I have so many wonderful guy friends who supported me after my divorce and I went on lots of fun, incredible dates with other kind, sweet men.
For me, spending time with other men was very healing. I’ve always believed there are many amazing guys out there — I didn’t want to get into the man-hating mindset that some women fall into after a failed marriage.
Dating after divorce can also be fantastic for learning about yourself. A lot of people insist you wait a year, or a set length of time but I don’t think there’s a timeline that’s right for everyone.
For me, dating straight away was mostly a positive experience. I learnt a lot about myself, I noticed a pattern of relationships that needed to change, and I discovered what I needed to do to heal.

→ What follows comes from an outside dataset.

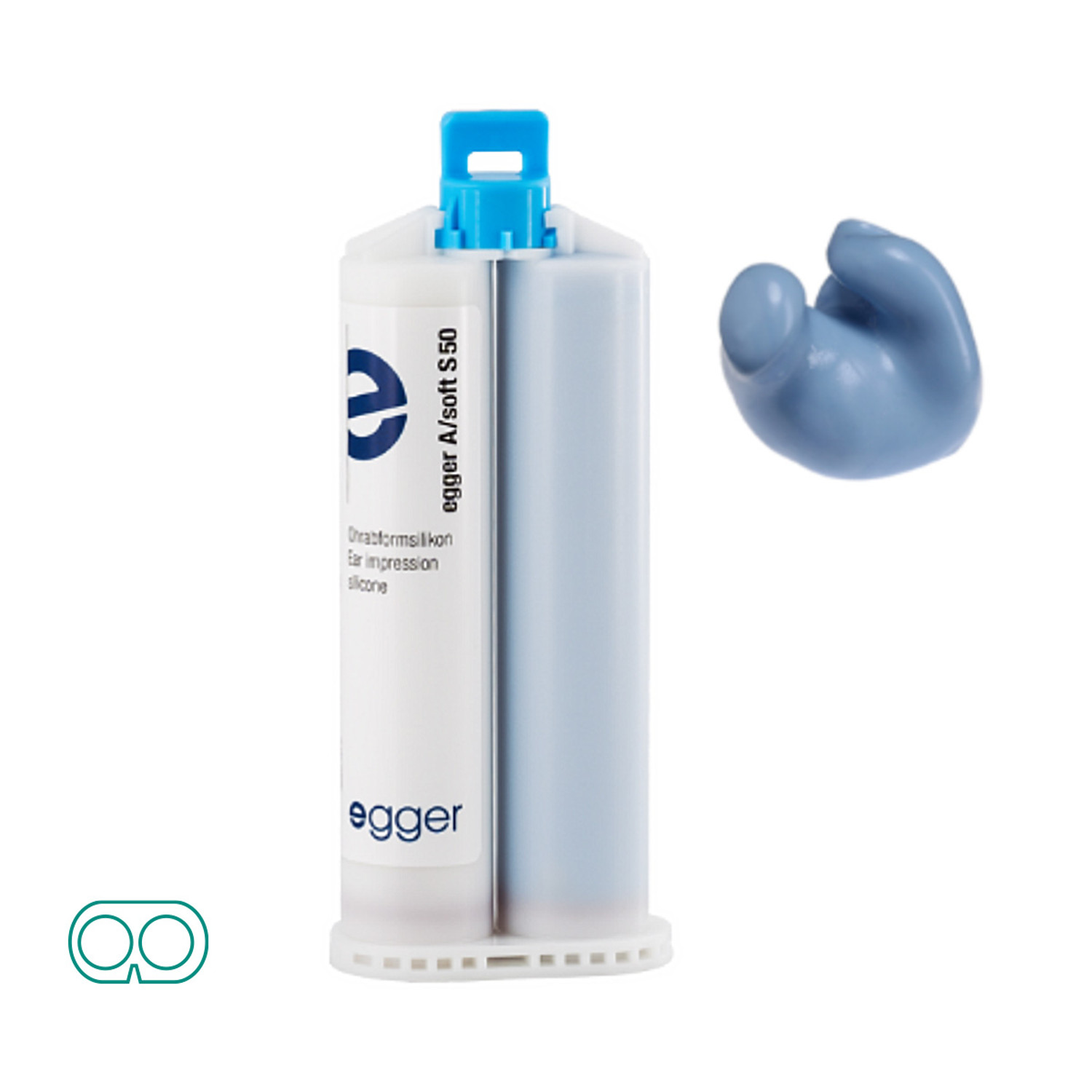 The A/soft silicone impression material in the double S 50 cartridge offers excellent flowability and a high degree of dimensional stability. The material is non-sticky and non-slippery and provides a light pressure build-up, contributing to an accurate impression that is comfortable for the client. The final hardness is 35 Shore. The A/soft impression material is suitable for a wide range of clients and can also be used for the production of hearing protection.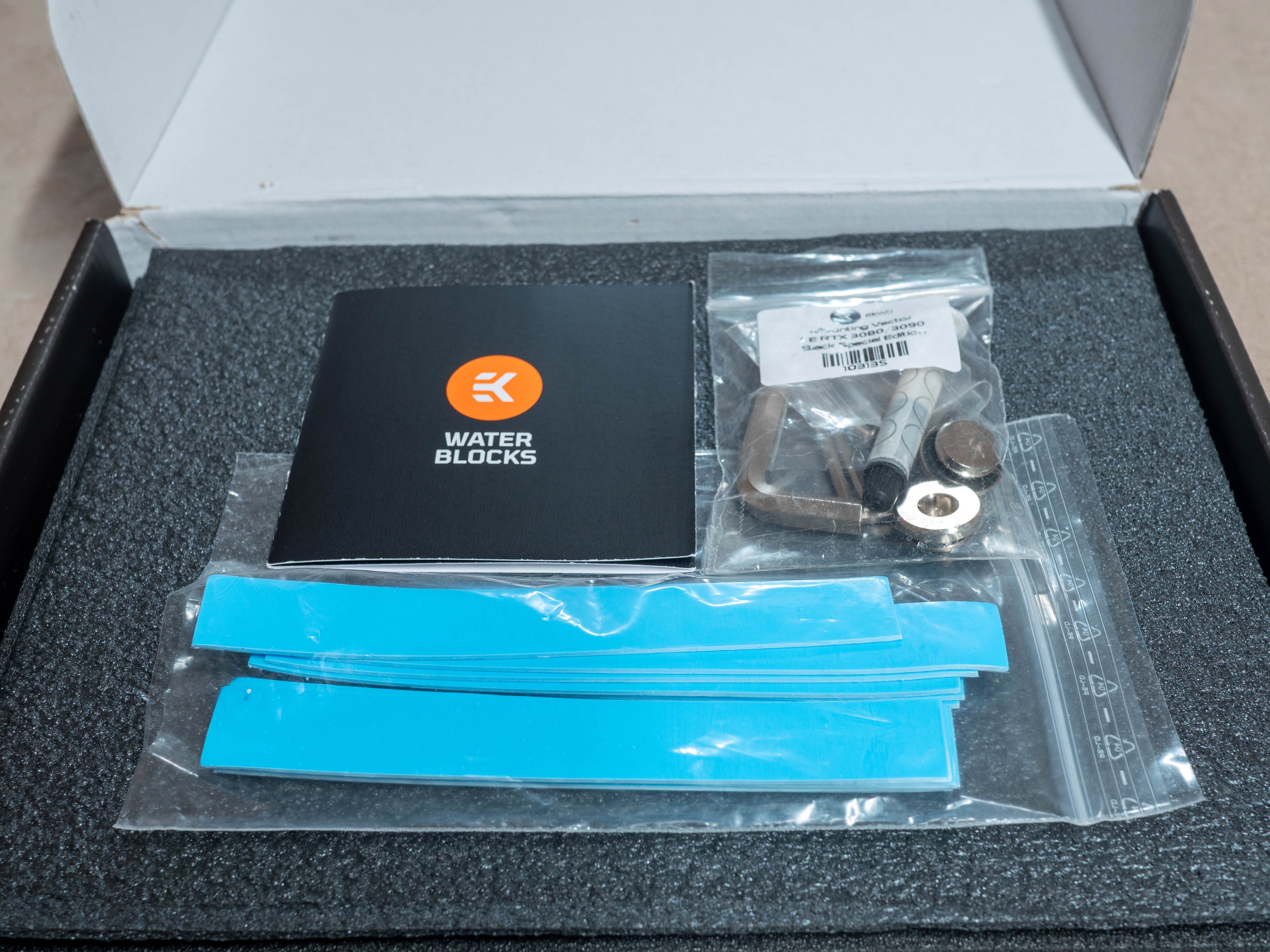 La boîte est en très bon état et le bundle est complet : tout est là (tube de pâte thermique et pads thermiques intacts car j'ai utilisé du Thermal Grizzly). La notice est à télécharger avec un qrcode. Les vis restantes sont inutiles pour une 3080 et sont destinées au montage de la version 3090, elles partagent la même visserie.

If I went back and did it again, I would do the same but I would protect myself a little more.
- I would learn more about new men in a group situation or meet up in public places.
- I’d have a friend on standby in case a situation went bad.
- I’d protect my physical boundaries more until I knew I was confident enough to boldly say no without freezing.
After divorce, we can be vulnerable — men and women! We need to protect our boundaries just that little bit more.